#### [WORK ORDER]
All of the data, except its images, should be set down exactly as it appears.

#### [SOURCE MATERIAL]

━━━━━━

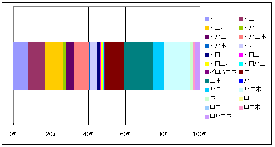 | イロ | イロニ | イロニホ | イロハニ | イロハニホ | ニ | ニホ | ハ | |
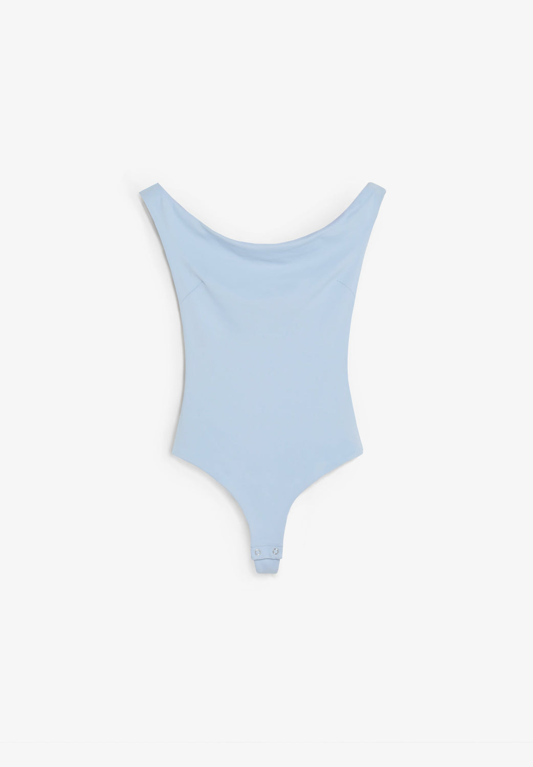 Body confecionado em tecido ligeiramente elástico. Corte slim fit, decot redondo com alças ombro descaído.
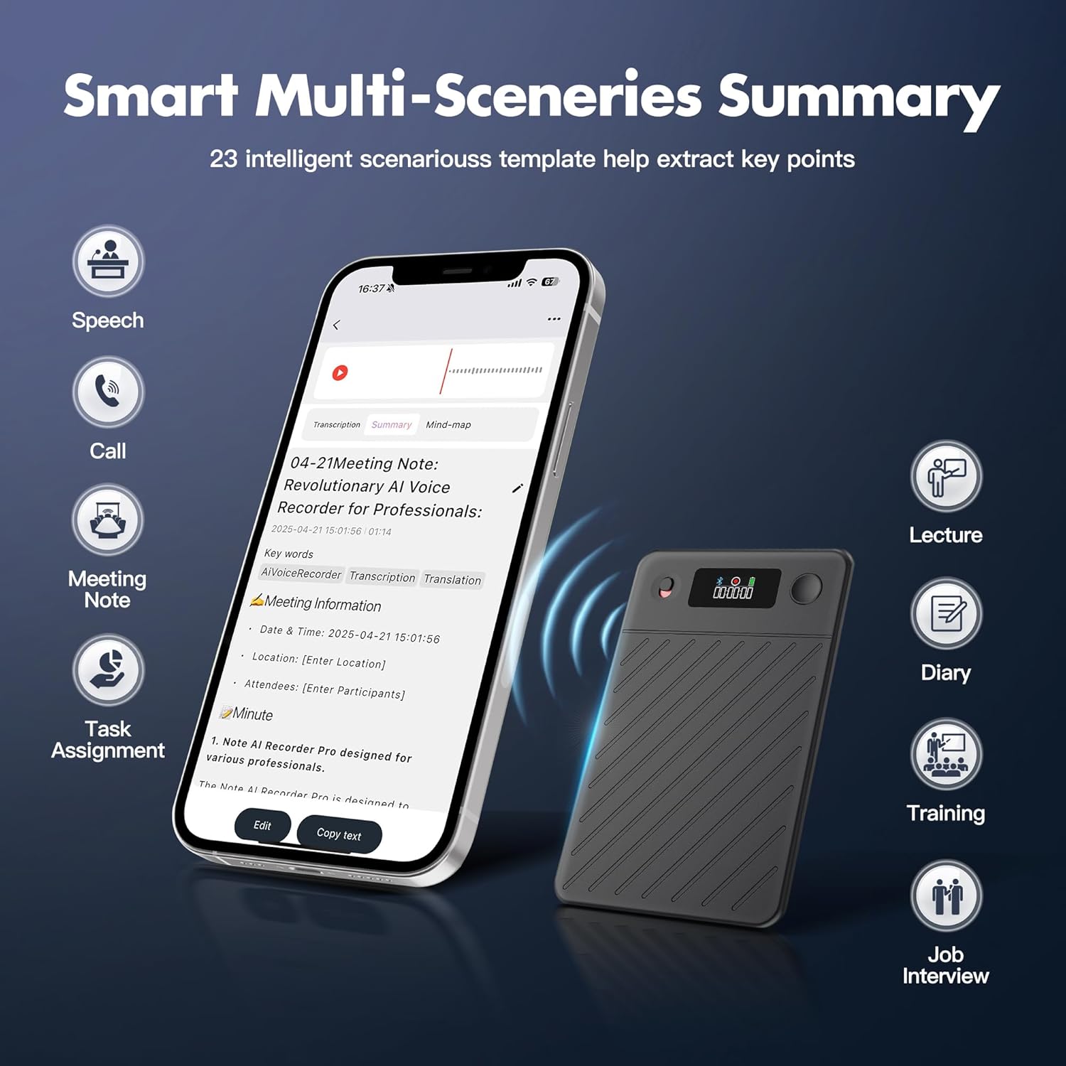 - 【Real-time Transcription & Smart Summaries】SSLine Voice Recorder with APP integrates advanced transcription capabilities, enabling swift and accurate transcription in 112+ languages. The speaker labels function allows you to visually distinguish different speakers within your recordings. AI-generated summaries helping you focus on what's most important, thus saving time and boosting your efficiency.Choose from 23+ templates optimized for scenarios like including meetings, phone calls, lectures, and interviews.

━━━━━━

#### [RESULT OF THE EXERCISE]
 | イロ | イロニ | イロニホ | イロハニ | イロハニホ | ニ | ニホ | ハ | |
 Body confecionado em tecido ligeiramente elástico. Corte slim fit, decot redondo com alças ombro descaído.
 - 【Real-time Transcription & Smart Summaries】SSLine Voice Recorder with APP integrates advanced transcription capabilities, enabling swift and accurate transcription in 112+ languages. The speaker labels function allows you to visually distinguish different speakers within your recordings. AI-generated summaries helping you focus on what's most important, thus saving time and boosting your efficiency.Choose from 23+ templates optimized for scenarios like including meetings, phone calls, lectures, and interviews.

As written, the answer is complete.